下面我们通过代码来实现上述数据的处理，参考dureader官方预处理代码（不完全一致，部分代码有所更改），为了大家方便运行代码，观察结果，做了一个小数据集，提取码为：hdwq。具体代码如下：

import jieba
import json
from collections import Counter

def get_fake_data(path, save_path):
    fin = open(save_path, "w")
    with open(path, "r", encoding="utf-8") as fh:
        for i, line in enumerate(fh):
            # 导入原始数据
            sample = json.loads(line)
            print(sample)
            # 对answers和question进行分词
            sample["segmented_answers"] = [seg_word(answer) for answer in sample["answers"]]
            sample["segmented_question"] = seg_word(sample["question"])
            for doc in sample["documents"]:
                # 对每个篇章的title和paragraphs进行分词
                doc["segmented_title"] = seg_word(doc["title"])
                doc["segmented_paragraphs"] = [seg_word(para) for para in doc["paragraphs"]]
            # 对原始数据求解伪造答案和其相关字段参数
            find_fake_answer(sample)
            print(sample)
            fin.write(json.dumps(sample, ensure_ascii=False) + "\n")

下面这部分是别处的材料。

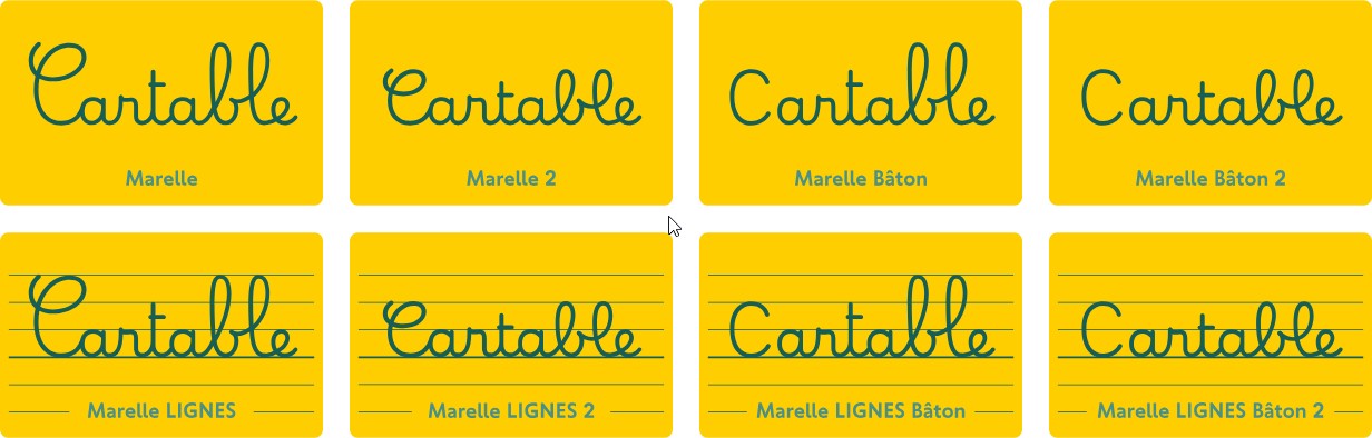 La police Marelle est conçue spécifiquement pour l’enseignement de l’écriture cursive à l’école élémentaire, elle a été développée par une équipe d’enseignants et designers spécialisés dans les systèmes d’écriture.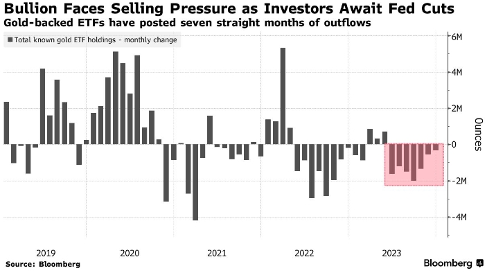 Будущее спотового золота во многом зависит от Федеральной резервной системы США. Ожидания того, что центральный банк будет готов снизить процентные ставки раньше, чем ожидалось, помогли драгоценному металлу достичь рекордного уровня в прошлом месяце. Однако с тех пор эйфория поутихла: на рынках свопов вероятность снижения ставок к марту составляет почти 70 %, что ниже 85 %, наблюдавшихся в конце декабря. Инвесторы биржевых фондов, обеспеченных слитками, находятся в напряжении: декабрь стал седьмым месяцем оттока средств. Тенденция может сохраняться до тех пор, пока рынок не убедится, что ФРС твердо стоит на пути смягчения денежно-кредитной политики, что, как правило, помогает не приносящему процентного дохода металлу.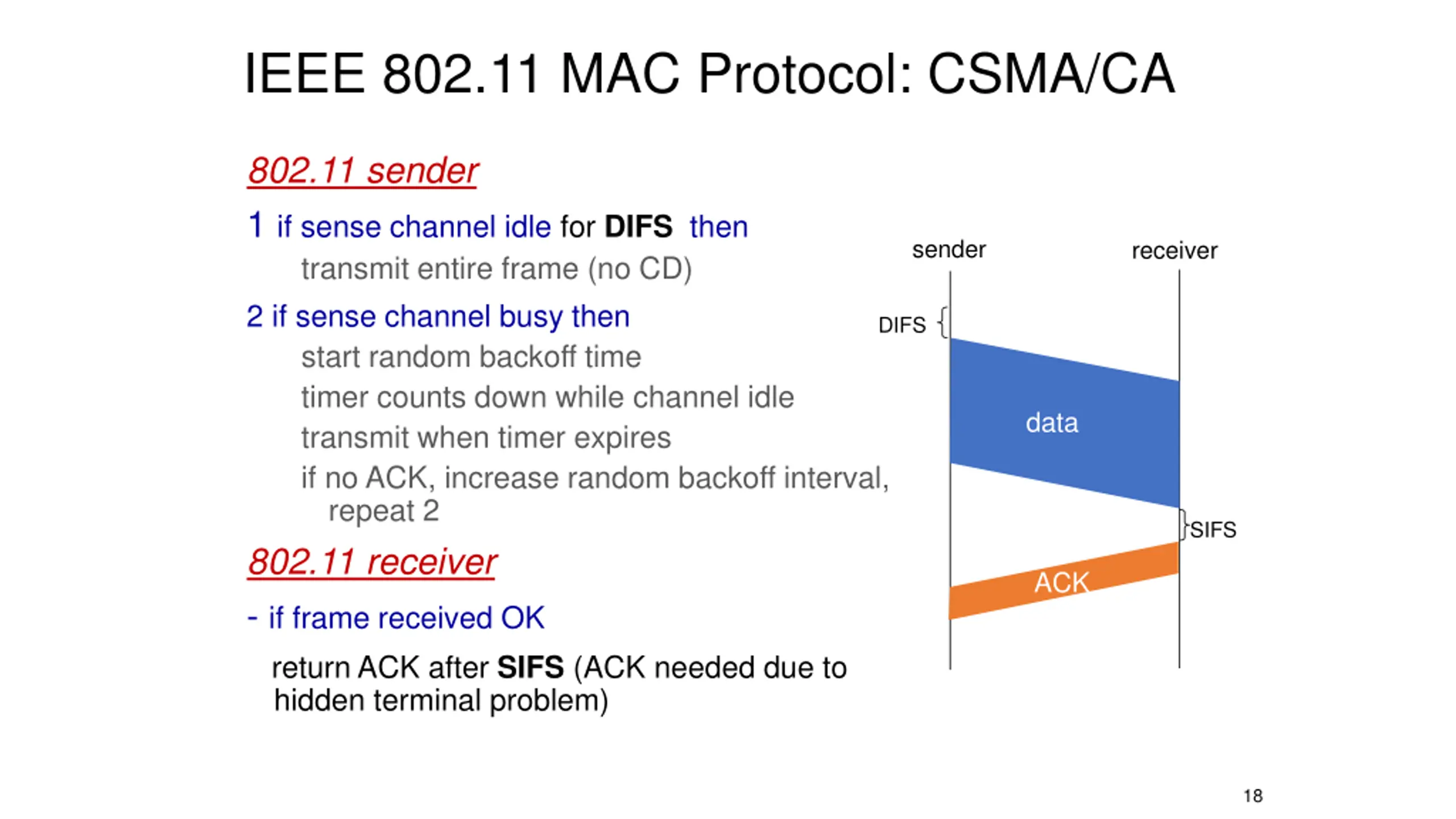 IEEE 802.11 MAC Protocol: CSMA/CA 802.11 sender 1 if sense channel idle for DIFS then transmit entire frame (no CD) 2 if sense channel busy then start random backoff time timer counts down while channel idle transmit when timer expires if no ACK, increase random backoff interval, repeat 2 802.11 receiver - if frame received OK return ACK after SIFS (ACK needed due to hidden terminal problem) sender receiver DIFS data SIFS ACK 18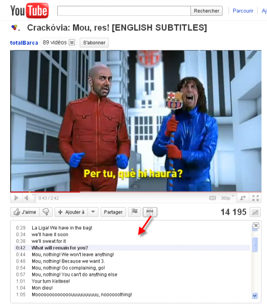 Ces sous-titres présentent un autre avantage, celui de vous aider à naviguer dans la vidéo. Un clic sur la ligne de texte de votre choix vous amène au moment de la vidéo où ces paroles sont prononcées.
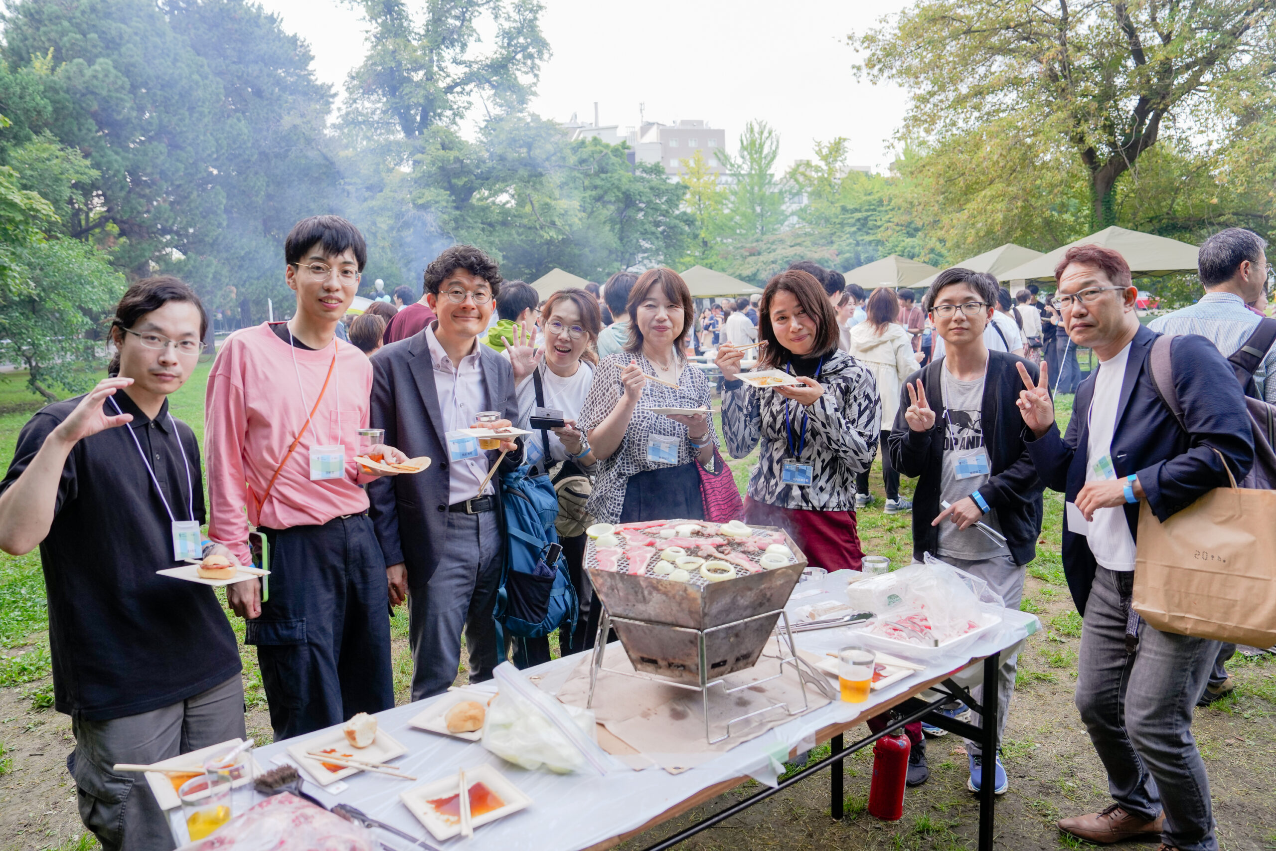 1日目の最後には、北大食材をふんだんに使ったBBQ懇親会が開催されました。北大短角牛やザリガニを使ったパエリアなどが提供され、にぎやかな交流の場となりました。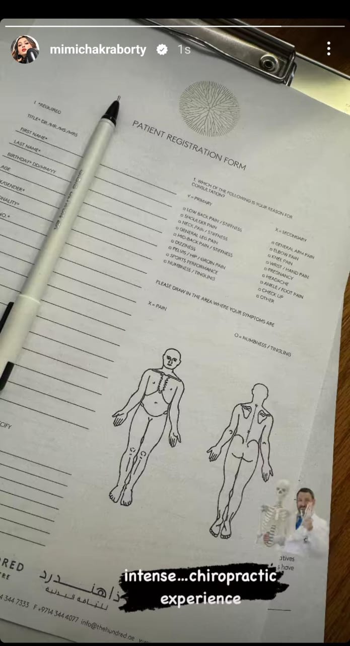 কাইরোপ্র্যাকটিক থেরাপি করার আগে ফর্ম ফিলআপ করছেন মিমি। আর সেটা দেখেই অভিনেত্রীর অসুস্থতা নিয়ে অনুরাগীদের কপালে ভাঁজ পড়েছে। এই কাইরোপ্র্যাকটিক থেরাপি মেরুদণ্ড, ঘাড়, শরীরের বিভিন্ন পেশী, হাড়ের সন্ধিস্থল নানা সমস্যা সারায়। একটানা কাজের জন্য ক্লান্ত শরীরকে চাঙ্গা করতেই সম্ভবত দুবাইতে এই থেরাপির দ্বারস্থ হয়েছিলেন মিমি।
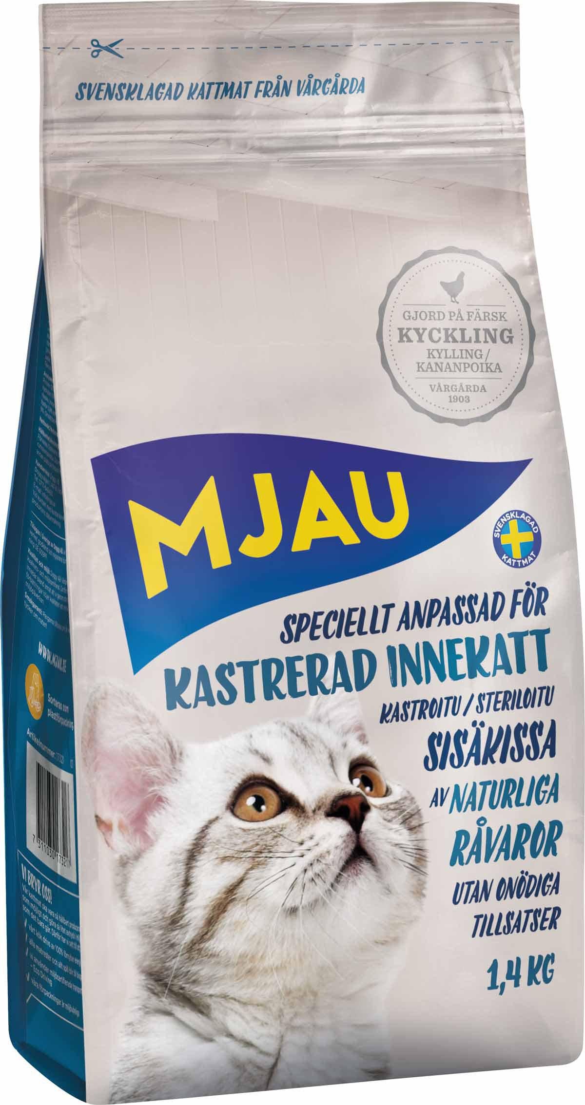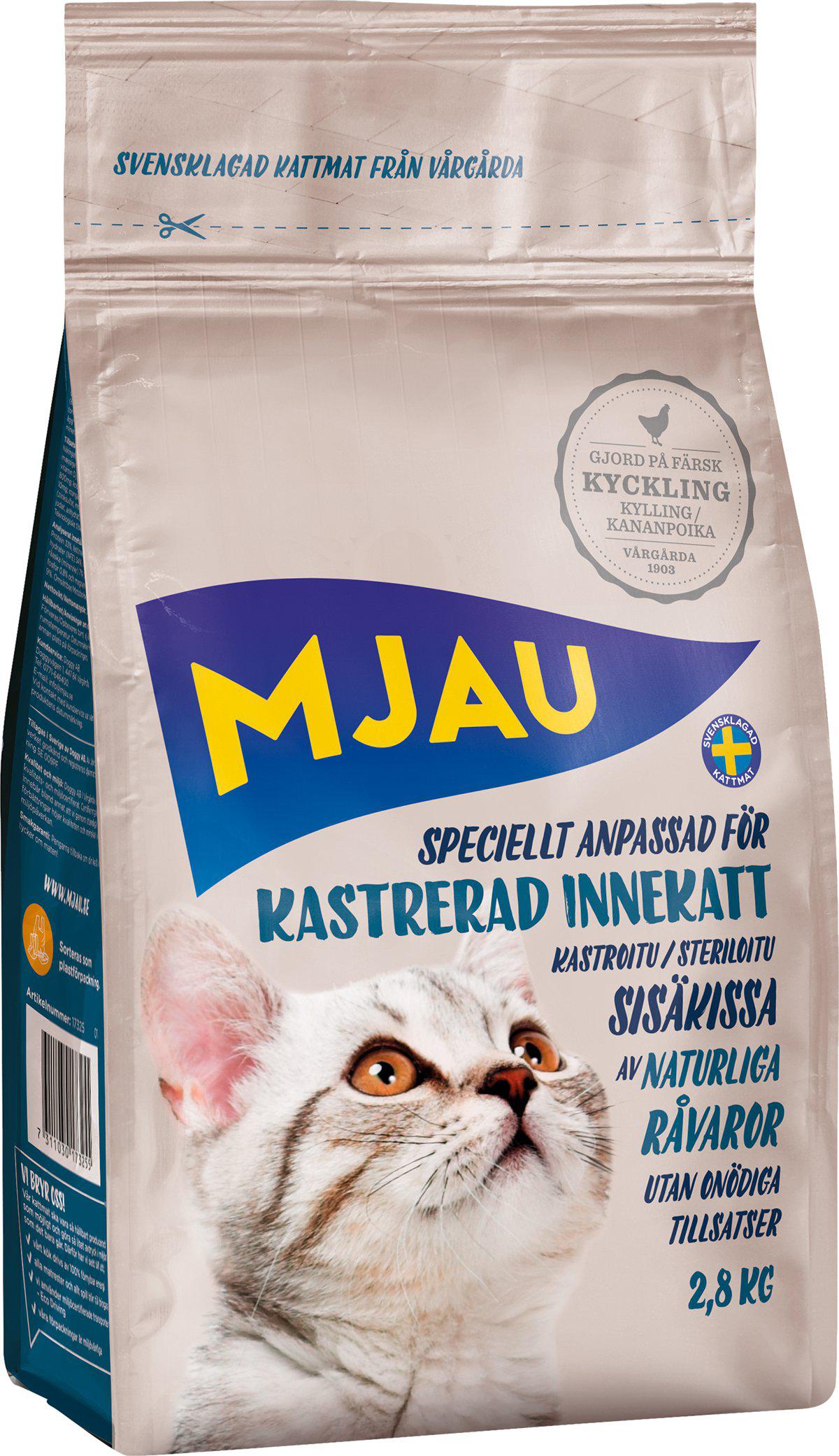 Alt kattefoder fra Mjau tilberedes i Vårgårda i det vestgötske landbrugslandskab. Hvis du ønsker et praktisk og komplet foder til din indekat efter kastration, er dette et velegnet valg — køb online eller i butik, og skift gradvist foderet for at sikre en god overgang for katten.

上述seg_word函数是分词函数，find_fake_answer函数是求解伪造答案函数。

seg_word函数如下：

def seg_word(text):
    text_temp = list(jieba.cut(text))
    return text_temp

find_fake_answer函数如下：

def find_fake_answer(sample, max_length_answer=None):
    # 求解出每个文档中与答案最相关的段落
    for doc in sample['documents']:
        most_related_para = -1
        most_related_para_len = 999999
        max_related_score = 0
        # 将每个段落与答案集合进行分数计算
        for p_idx, para_tokens in enumerate(doc['segmented_paragraphs']):
            # 当答案集合不为空时，求出段落与答案集合的recall值；当答案集合为空时，不做计算
            if len(sample['segmented_answers']) > 0:
                related_score = metric_max_over_ground_truths(recall,
                                                              para_tokens,
                                                              sample['segmented_answers'])
            else:
                continue
            # 判断，如果计算得到的分数大于最大分数时，或者计算得到的分数等于最大分数，并且当前段落长度小于最相关段落长度时
            # 则修改最相关段落为当前段落，最大值为当前值，最相关段落长度为当前段落长度
            if related_score > max_related_score \
                    or (related_score == max_related_score
                        and len(para_tokens) < most_related_para_len):
                most_related_para = p_idx
                most_related_para_len = len(para_tokens)
                max_related_score = related_score
        # 最终保存下，每个文档与答案最相关的段落编号
        doc['most_related_para'] = most_related_para

    sample['answer_docs'] = []
    sample['answer_spans'] = []
    sample['fake_answers'] = []
    sample['match_scores'] = []

    best_match_score = 0
    best_match_d_idx, best_match_span = -1, [-1, -1]
    best_fake_answer = None
    # 得到答案词集合，为后面计算提供帮助
    answer_tokens = set()
    for segmented_answer in sample['segmented_answers']:
        answer_tokens = answer_tokens | set([token for token in segmented_answer])
    # 由于当前阅读理解模型，都是进行span抽取，因此需要保证答案必须在篇章中。
    # 下面求解每篇文档的最相关段落的最相关的span片段
    for d_idx, doc in enumerate(sample['documents']):
        # 如果答案未参考该篇文档，那么则跳过。
        if not doc['is_selected']:
            continue
        if doc['most_related_para'] == -1:
            doc['most_related_para'] = 0
        most_related_para_tokens = doc['segmented_paragraphs'][doc['most_related_para']]
        # 求解伪造答案时，使用贪婪方式进行计算
        # 起始位置：从前往后遍历，结束位置：从后往前遍历
        for start_tidx in range(len(most_related_para_tokens)):
            # 为了节约时间，若当前字符不在答案集合时，跳过
            if most_related_para_tokens[start_tidx] not in answer_tokens:
                continue
            # 为了节省时间,增加答案最长参数
            # 默认答案最大长度为整个整个段落，那么结束位置从段落最后一位开始遍历
            # 若设置答案最大长度，么结束位置从起始位置加上最大长度位置开始遍历
            if max_length_answer is None:
                answer_tokens_len = len(most_related_para_tokens)
            else:
                answer_tokens_len = min((max_length_answer+start_tidx), len(most_related_para_tokens))
            for end_tidx in range(answer_tokens_len - 1, start_tidx - 1, -1):
                span_tokens = most_related_para_tokens[start_tidx: end_tidx + 1]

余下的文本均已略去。